▶ EXERCISE: Give the listing again, word for word, and let no picture into it.

▶ PROVIDED DATA:
>>>>>

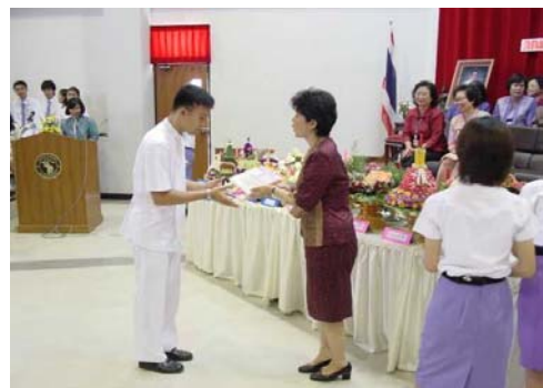
โครงการรักษาศูนย์
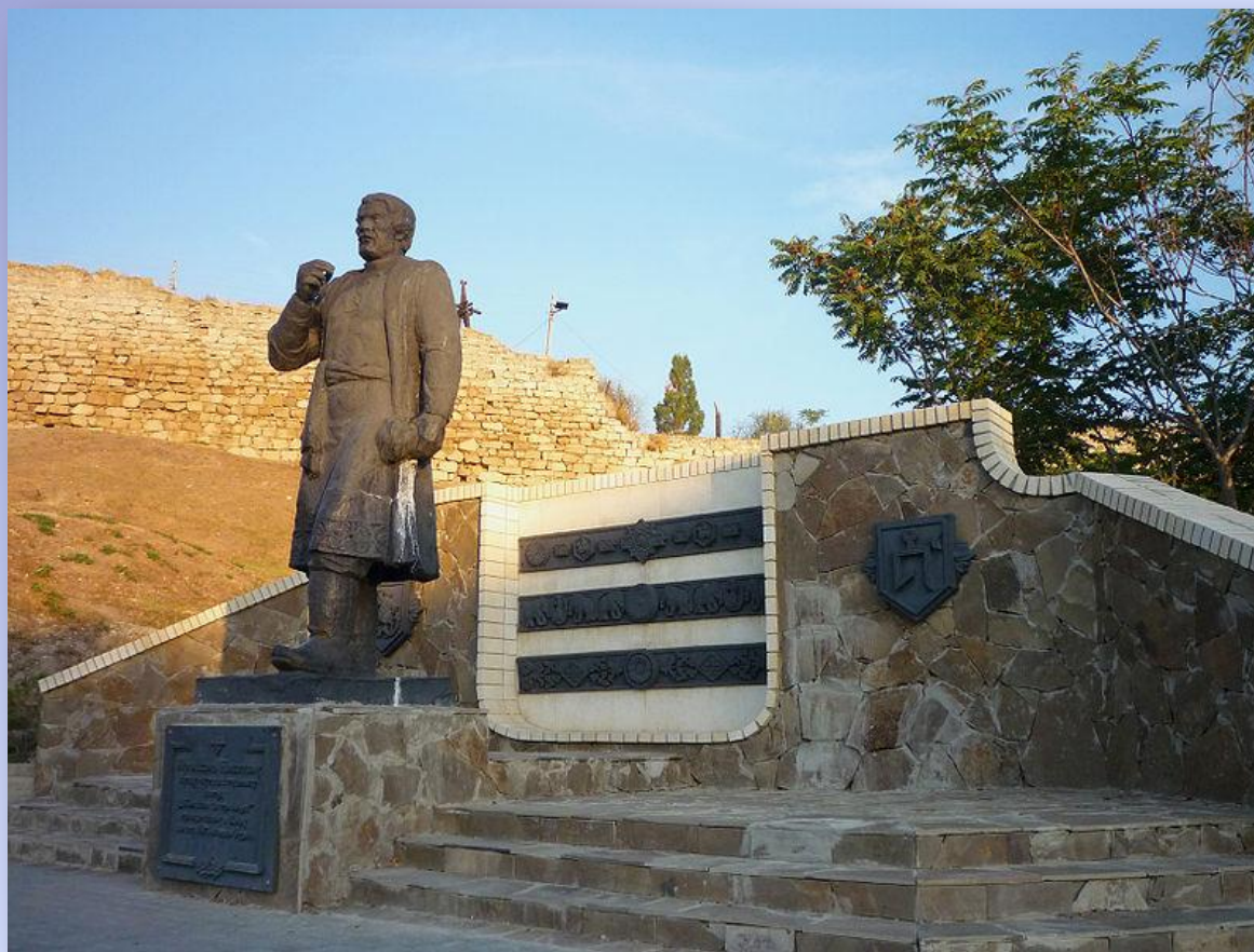
Памятник Афанасию Никитину в Феодосии.

Из Кафы с русскими купцами он отправился на родину.
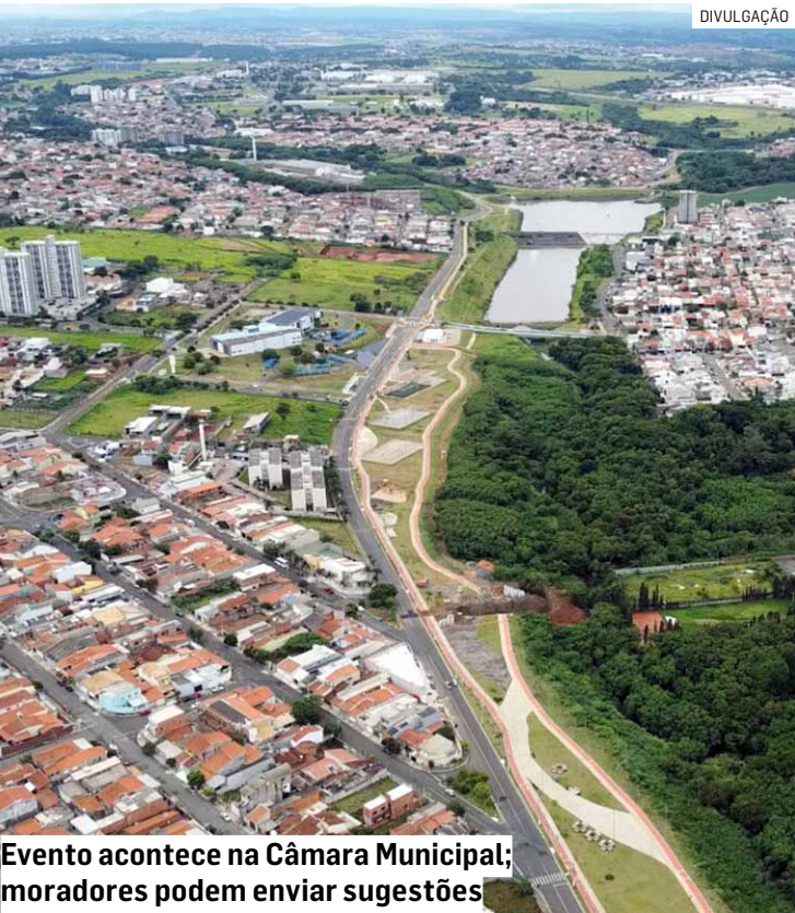
Evento acontece na Câmara Municipal; moradores podem enviar sugestões

Para aderir ao Refis 2025 e optar por uma destas modalidades de pagamento, é preciso agendar atendimento presencial, que será feito na Praça de Atendimento do Paço Municipal, localizada na Rua Professora Celina Franceschini Bueno, 100, no Jardim Metropolitano. O agendamento poderá ser feito de modo remoto, pela internet, por meio do Portal Hortolândia Fácil. Isso evitará filas e agilizará o atendimento.
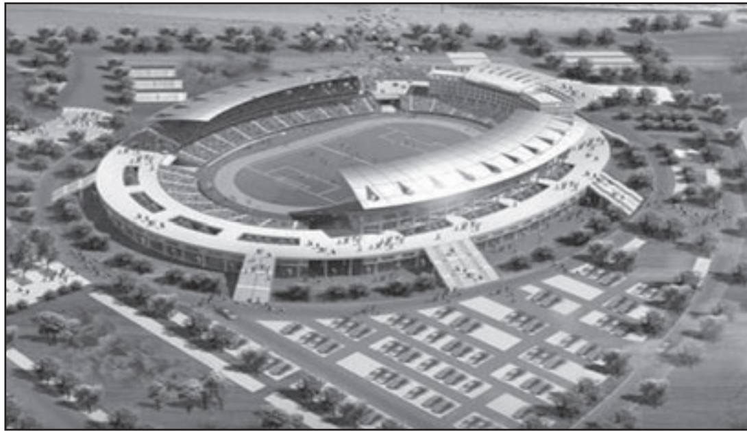
ستاد اومبكا الوطني الذي اقيمت عليه المباراة

ويوقع وصول نحو 200 مشجع مصري بحسب تقديرات الصحف المصرية و900 مشجع جزائري بحسب شركة الطيران الوطنية لحضور وهو امر خلف ارتياحا كبيرا لدى السلطات الامنية في بنيغلا وان كانت الاخيرة اكدت استعدادها التام لفرض الامن وفنّادي حدوث اي اعمال قبل وقتها وعقب المباراة. والمباراة هي الثالثة بين المنتخبين في ظرف شهرين والرابعة في الموسم الحالي بعد لقاءهما الثلاثة في التصفيات المؤهلة الى نهائيات كأس الامم الافريقية وكأس العالم والتي شهدت احداث شغب بين جماهير البلدين كانت تؤدي الى القطيعة الدبلوماسية بينهما خصوصا بعد المواجهتين الاخيرتين في القاهرة والسودان والتي حسمت فيها الجزائر بطاقة التأهل الى مونديال جنوب افريقيا 2010. وعلى غرار مواجهة ام درمان والتي حضرها 35 الف مشجع من المنتخبين، سارعت جماهير البلدين الى التعبير عن رغبتهم في ضرورة السفر الى انغولا والوقوف الى جانب منتخب بلادها على أمل بلوغه المباراة النهائية للعرس القاري.

<<<<<

▶ REPLY:
โครงการรักษาศูนย์
Памятник Афанасию Никитину в Феодосии.

Из Кафы с русскими купцами он отправился на родину.
Evento acontece na Câmara Municipal; moradores podem enviar sugestões

Para aderir ao Refis 2025 e optar por uma destas modalidades de pagamento, é preciso agendar atendimento presencial, que será feito na Praça de Atendimento do Paço Municipal, localizada na Rua Professora Celina Franceschini Bueno, 100, no Jardim Metropolitano. O agendamento poderá ser feito de modo remoto, pela internet, por meio do Portal Hortolândia Fácil. Isso evitará filas e agilizará o atendimento.
ستاد اومبكا الوطني الذي اقيمت عليه المباراة

ويوقع وصول نحو 200 مشجع مصري بحسب تقديرات الصحف المصرية و900 مشجع جزائري بحسب شركة الطيران الوطنية لحضور وهو امر خلف ارتياحا كبيرا لدى السلطات الامنية في بنيغلا وان كانت الاخيرة اكدت استعدادها التام لفرض الامن وفنّادي حدوث اي اعمال قبل وقتها وعقب المباراة. والمباراة هي الثالثة بين المنتخبين في ظرف شهرين والرابعة في الموسم الحالي بعد لقاءهما الثلاثة في التصفيات المؤهلة الى نهائيات كأس الامم الافريقية وكأس العالم والتي شهدت احداث شغب بين جماهير البلدين كانت تؤدي الى القطيعة الدبلوماسية بينهما خصوصا بعد المواجهتين الاخيرتين في القاهرة والسودان والتي حسمت فيها الجزائر بطاقة التأهل الى مونديال جنوب افريقيا 2010. وعلى غرار مواجهة ام درمان والتي حضرها 35 الف مشجع من المنتخبين، سارعت جماهير البلدين الى التعبير عن رغبتهم في ضرورة السفر الى انغولا والوقوف الى جانب منتخب بلادها على أمل بلوغه المباراة النهائية للعرس القاري.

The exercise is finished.